Extract the run of lines that starts at the top of the records below and ends at the line with "Isabel Marant Etoile", keeping both ends and excluding pictures.

#### [Extracted data]
──────

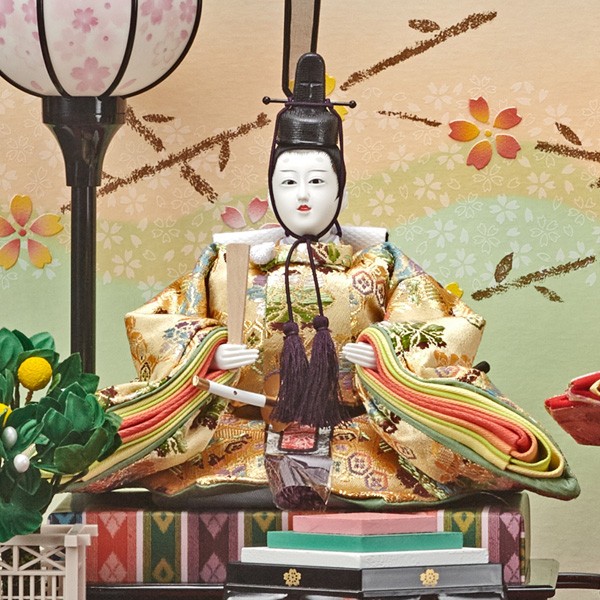 ・台座・屏風等には落ち着いた色目の雛人形セット。
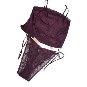 Mentionables Satin & Lace Cami and Panty Set Lingerie in Burgundy
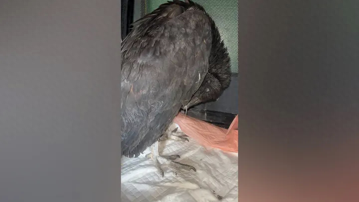 工作人员是在一个肉类市场的垃圾箱附近发现的,当时听到了“砰”的一声,循声望去,发现地上躺着一只黑美洲鹫,一动不动,工作人员怀疑这只大鸟被汽车撞了。
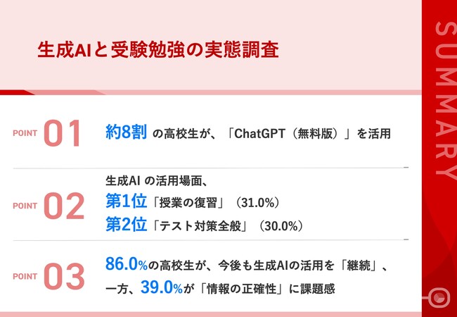 - 03|86.0%の高校生が、今後も生成AIの活用を「継続」、一方、39.0%が「情報の正確性」に課題感
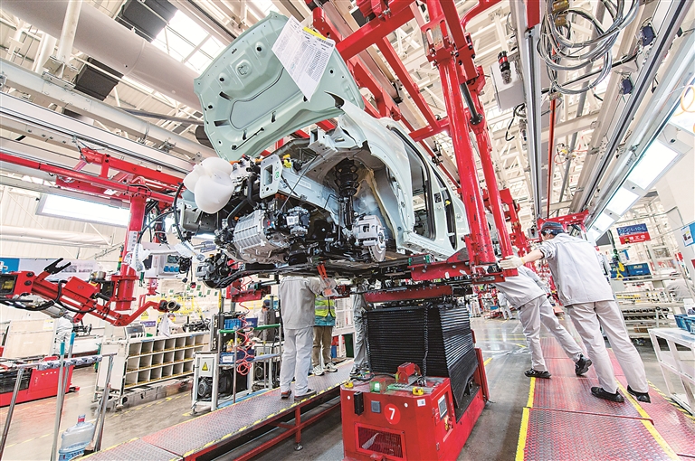 近年来,我国新能源、新材料、新能源汽车等绿色新兴产业快速成长,成为稳增长、扩就业的重要力量。图为浙江金华新能源汽车小镇某工厂车间里,工人正在装配新能源汽车。图片来源:视觉中国
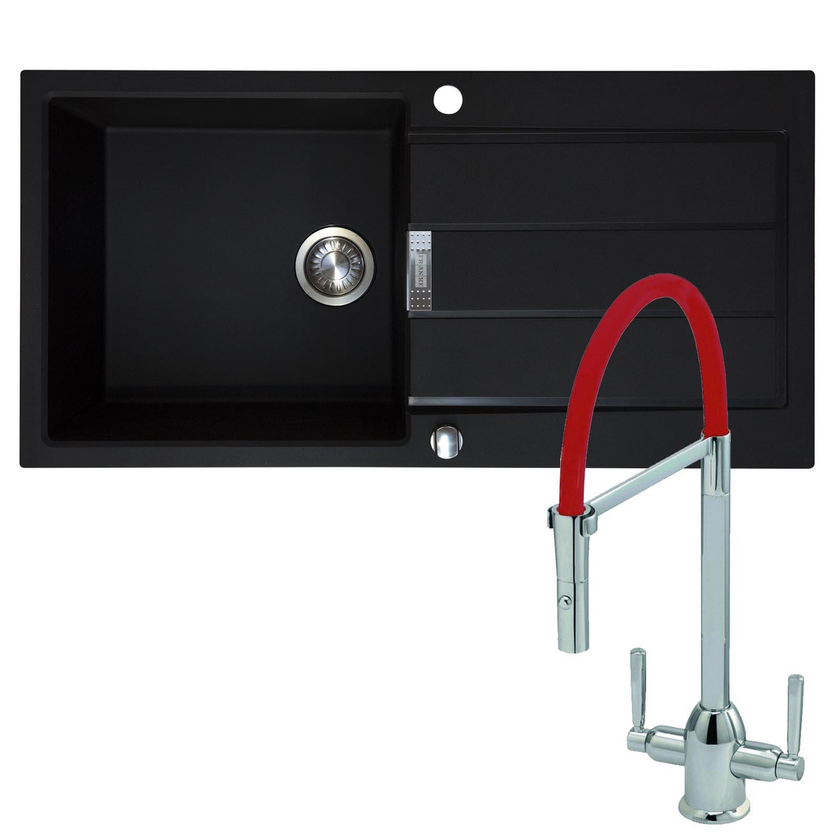 The Franke Sirius range is manufactured from Tectonite, a revolutionary composite material created by Franke, who continue to blend style with functionality. It has the strength and durability of granite without the heavyweight and brittleness, this means that this sink is suitable for almost any work surface. The inclusive pop-up strainer waste mechanism allows you to empty the bowl without having to reach to the bottom of the sink. The sink is complemented by the Carron Phoenix Dante, a chrome mixer tap with a vibrant red silicone hose that will add a splash of colour to any kitchen.
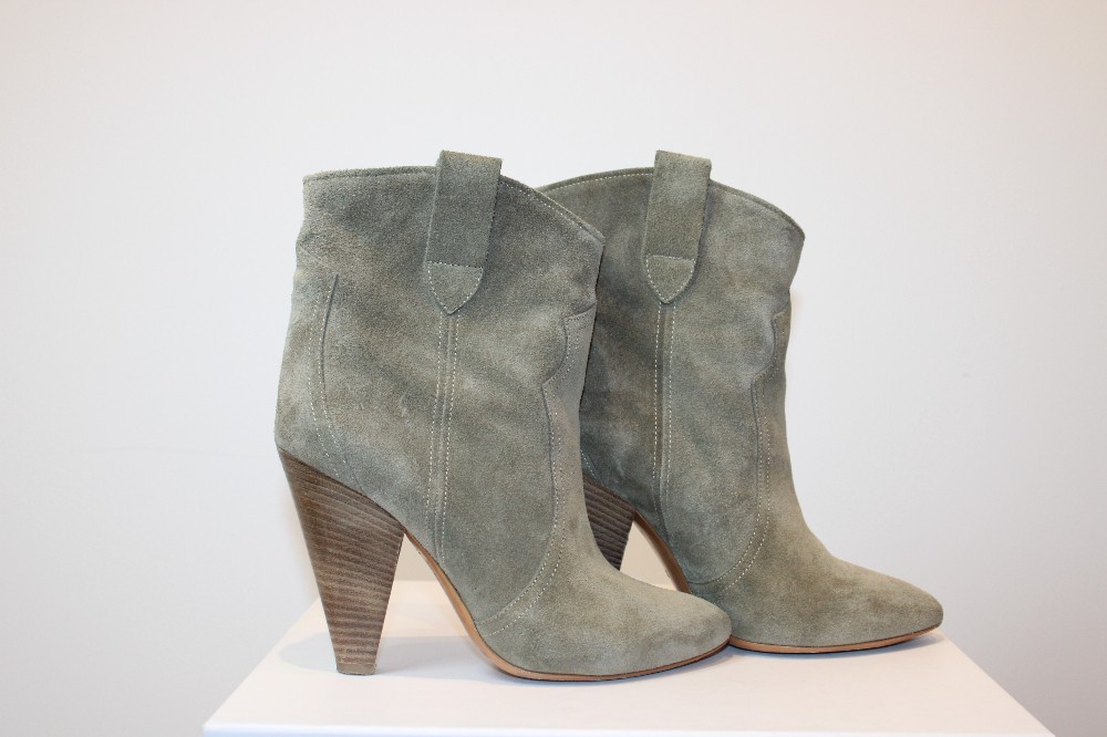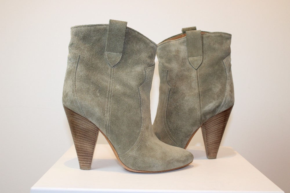 Isabel Marant Etoile suede bootie in moss. Cone-shaped stacked heel. Western style. Size 37. 4" heel.
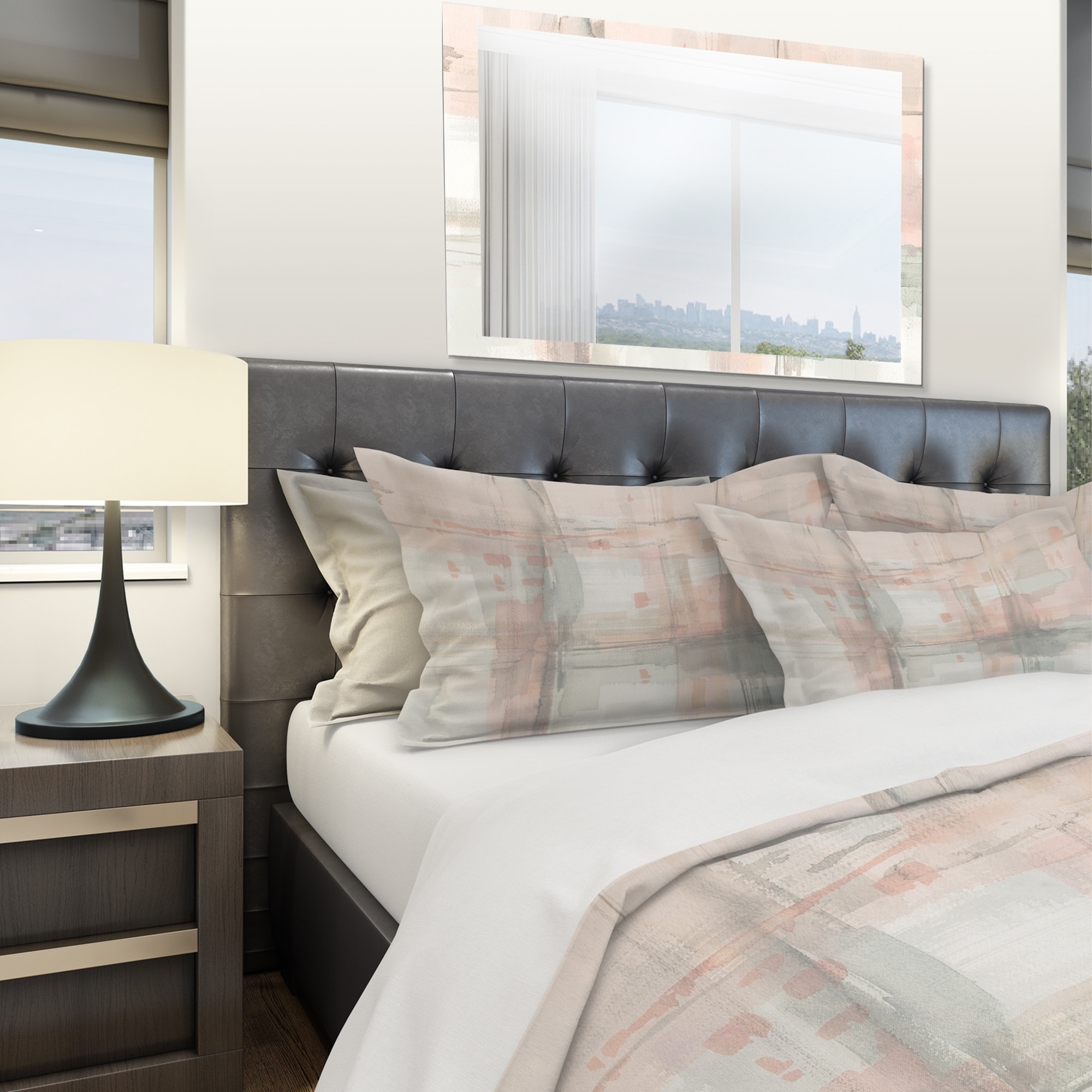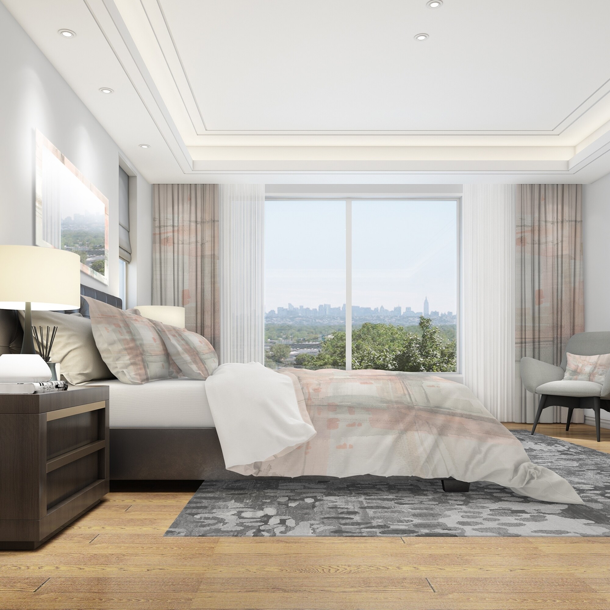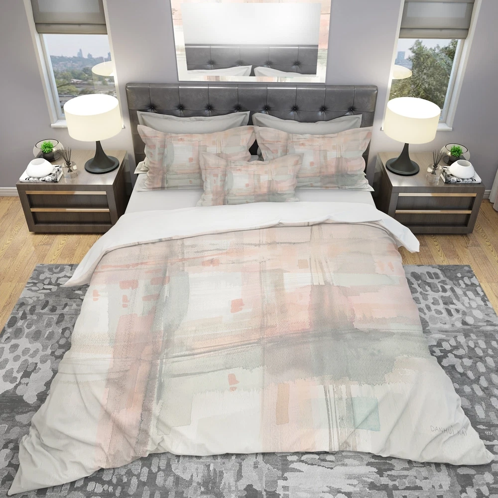 Elevate your bedroom's style with this luxurious and ultra-comfortable bedding set. The Designart 'Intersect II Grey' Shabby Bedding Set features an elegant abstract design printed with high density Italian ink, creating vibrant and long-lasting colors. Made with 100% microfiber polyester, this set is ultra-soft and lightweight, offering a down-like comfort that will keep you cozy all night long. The shabby chic set includes one duvet cover and two standard pillow shams to create a complete and stylish look that is both trendy and fun. Available in twin, queen, and king sizes, this set is wrinkle-resistant and odorless, ensuring easy care and maintenance.Features: Vibrant colors printed with High Density Italian Ink Made of ultra-soft, lightweight 100% microfiber polyester Shabby Chic Free Shipping Over $49.99* Details Designart 'Intersect II Grey' Shabby Bedding Set - Duvet Cover & Shams Product Description: Elevate your bedroom's style with this luxurious and ultra-comfortable bedding set. The Designart 'Intersect II Grey' Shabby Bedding Set features an elegant abstract design printed with high density Italian ink, creating vibrant and long-lasting colors. Made with 100% microfiber polyester, this set is ultra-soft and lightweight, offering a down-like comfort that will keep you cozy all night long. The shabby chic set includes one duvet cover and two standard pillow shams to create a complete and stylish look that is both trendy and fun. Available in twin, queen, and king sizes, this set is wrinkle-resistant and odorless, ensuring easy care and maintenance. Features: Vibrant colors printed with High Density Italian Ink Made of ultra-soft, lightweight 100% microfiber polyester Shabby Chic design includes one duvet cover and two standard pillow shams Trendy and fun colors to brighten and update your bedroom Made in Canada Comforter inserts and pillow inserts not included Machine washable on cold gentle cycle, tumble dry low King: Duvet Cover104 inches wide x 88 inches long 2 King Shams20 inches wide x 36 inches long Queen: Duvet Cover88 inches wide x 88 inches long 2 Standard Shams16 inches wide x 26 inches long Twin: Duvet Cover68 inches wide x 88 inches long 1 Standard Sham16 inches wide x 26 inches long Product Details: MaterialPolyester PatternAbstract ColorGrey StylePink Modern, Modern & Contemporary, Abstract ReversibleNo
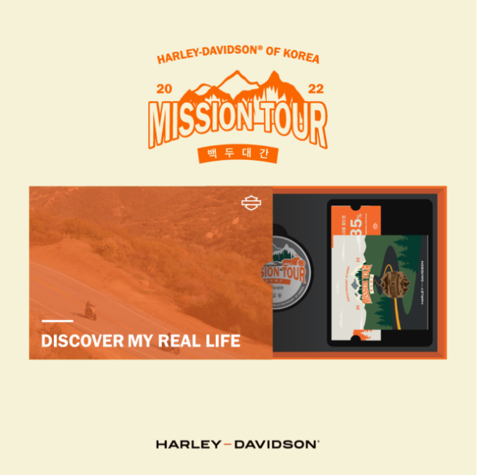 할리데이비슨은 코로나19 이후 참가자들이 개별적으로 참가할 수 있는 ‘미션투어’를 진행해왔다. 올해는 참가자 본인이 인증장소에 도착해 인증샷을 촬영한 후 카카오톡 채널에 올리는 등 행사의 형태를 바꿨다. 사진 촬영 시에는 배경, 모터사이클, 참가자의 얼굴을 식별할 수 있도록 선명하게 촬영해야 하며 모터사이클은 일부만 노출해도 인정한다.

──────

#### [Your response]
 ・台座・屏風等には落ち着いた色目の雛人形セット。
 Mentionables Satin & Lace Cami and Panty Set Lingerie in Burgundy
 工作人员是在一个肉类市场的垃圾箱附近发现的,当时听到了“砰”的一声,循声望去,发现地上躺着一只黑美洲鹫,一动不动,工作人员怀疑这只大鸟被汽车撞了。
 - 03|86.0%の高校生が、今後も生成AIの活用を「継続」、一方、39.0%が「情報の正確性」に課題感
 近年来,我国新能源、新材料、新能源汽车等绿色新兴产业快速成长,成为稳增长、扩就业的重要力量。图为浙江金华新能源汽车小镇某工厂车间里,工人正在装配新能源汽车。图片来源:视觉中国
 The Franke Sirius range is manufactured from Tectonite, a revolutionary composite material created by Franke, who continue to blend style with functionality. It has the strength and durability of granite without the heavyweight and brittleness, this means that this sink is suitable for almost any work surface. The inclusive pop-up strainer waste mechanism allows you to empty the bowl without having to reach to the bottom of the sink. The sink is complemented by the Carron Phoenix Dante, a chrome mixer tap with a vibrant red silicone hose that will add a splash of colour to any kitchen.
 Isabel Marant Etoile suede bootie in moss. Cone-shaped stacked heel. Western style. Size 37. 4" heel.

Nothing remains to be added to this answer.